Она снова показывает на парашют, под которым болтается чье-то безжизненное, как представляется отсюда, тело. Я понимаю ее. Она тут везде уже была, кроме этого неба.
– Маша, – говорю я ей. – Там скучно, на небе.
– А почему? – задает она любимый свой вопрос.
– Ну видишь, под парашютом дяденька скучает. Он там один. Ему не с кем поговорить.

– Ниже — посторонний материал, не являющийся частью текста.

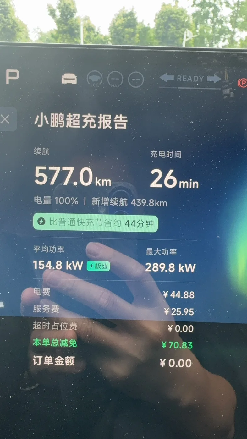 体验小鹏超充,真的快。最后几公里也充的紧实,没有直接跳到满,感觉虚电不多。

Поболтать просто.
– Не с кем поболтать на небе? – после долгого молчания уточняет Маша.
– Не с кем, Маша, – с сожалением подтверждаю я и вдруг спохватываюсь. Но поздно.
– А бог? – уже спрашивает она.
– Что бог?
– Можно с богом поговорить.
А я ведь ей сам же только что рассказывал про бога. Рассказывал, когда мы ехали в автобусе. Она сидела во втором ряду и напевала какую-то песенку. Гид, сидевший впереди, незаметно подсунул ей микрофон, чтобы песню услышал весь автобус. Но Маша вовремя заметила этот маневр и замолчала.
– Скажите ей, что если она сейчас споет, то будет звездой, – попросил меня гид по-английски.
Я сказал, неожиданно Маша запела: «Мамочка, милая мама моя, пусть эта песенка будет твоя…» Она спела ее всю, но, впрочем, торопилась поскорее закончить. Раздались аплодисменты.
– Все, папа? – спросила она меня.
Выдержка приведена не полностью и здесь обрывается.